Манфред уткнулся лицом в плечо друга и тихо, беззвучно плакал.
– Как я несчастен! – всхлипнул он.
– Значит, ты ее любишь по-настоящему?
Манфред утвердительно кивнул головой.
– Я это знал! И уже давно! Я видел, как зарождается в твоем сердце эта любовь еще в то время, когда ты сам об этом еще, может быть, не знал. Когда я замечал, что ты надевал свой красивый камзол из черного бархата и нахлобучивал на голову шапку с большим черным пером, когда видел, как ты начищал до блеска стальной клинок своей рапиры, когда ты, в конце концов, уходил, даже не сказав мне, куда направляешься, я сказал себе: «Манфред пошел к усадьбе Трагуар!» И я в безумном неведении своем ухмылялся! Но разве мог я предвидеть катастрофу? Я был счастлив, узнав, что ты влюблен в эту чистую, благородную девушку, взгляд которой я бы сравнил с чувственным и наивным любовным стихотворением… Меня уносили мечты… Я увидел ее рядом со своей Авет.
– Теперь всё кончено! – резко оборвал друга Манфред. – Чистая, юная девушка оказалась куртизанкой!

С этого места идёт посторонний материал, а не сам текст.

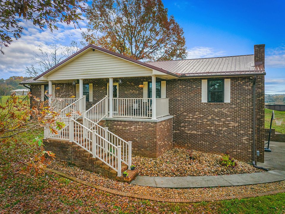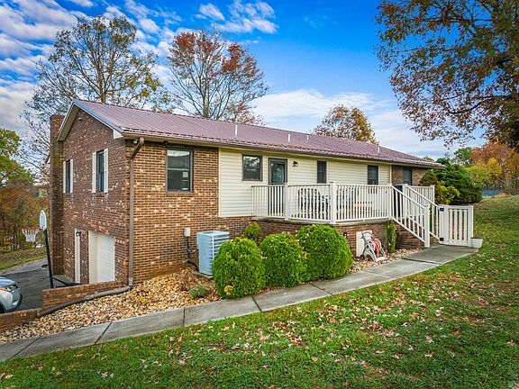 Welcome to 5572 Byrd Road! This updated 3 bedroom, 2 bathroom brick rancher home sits on 3.04+/- acres with 360 mountain views, and multiple updates including new flooring, plumbing, updated light fixtures, new A/C unit, & many more updates throughout the home! The beautifully updated kitchen features butcher block counter tops, white shaker style cabinets, stainless steel appliances, and a white porcelain sink for that perfect farmhouse style look! The spacious living room is great for entertaining, and features updated windows that fill the entire space with bright, natural light! Around the corner is a bathroom that connects to a large master bedroom that features two custom built sliding closet barn doors. Following down the hallway is two additional spacious bedrooms. Downstairs you will find the basement, second bathroom, and a large bonus room that's perfect for a fourth bedroom, game room, media room, play room, or even an office. The backyard offers multiple areas for entertaining and enjoying the beautiful East TN surroundings, but the huge 24X48 detached garage steals the show! Featuring concrete floors, spray foam insulation, ample storage, completed room/office space with a bathroom, this building is every man's dream! This property also offers a 12x12 chicken coop/storage shed with a spacious 10x12 run, small orchard consisting of pear & peach trees, strawberries, raspberry, & blackberry bushes, a flower cutting garden, & a large vegetable garden. Located in the Russellville School District, this property offers plenty of privacy, while also being conveniently located to shopping, dining, & schools! 5572 Byrd Road is a true gem and will not last long! Schedule a showing today and make this charming homestead yours! Owner/Agent

– Ты судишь поверхностно, Манфред.
– Как бы не так! Если она и не была в реальности куртизанкой, то была ею в душе! Впрочем, ее можно извинить, – с горечью добавил он. – Подумать только! Любовница короля! Не будем больше говорить о ней! Ты же сказал: «Забудется!» Ко всем чертям! Но что это? Мне показалось, я плакал! Как последний шут!
Лантене внимательно слушал.
«Бедный мой друг! – подумал он. – Чувства его задеты куда глубже, чем я думал».
А вслух он произнес:
– Я покидаю тебя… Не пытаюсь советовать тебе перестать о ней думать… Это бесполезно.
– Да я больше и не думаю!.. Иди, дорогой, и постарайся приблизить час, когда мне нужно будет явиться в Лувр, потому что ты уговорил меня подождать… Должно быть, у тебя были для этого свои основания…
– Когда придет время, ты сам это оценишь, Манфред.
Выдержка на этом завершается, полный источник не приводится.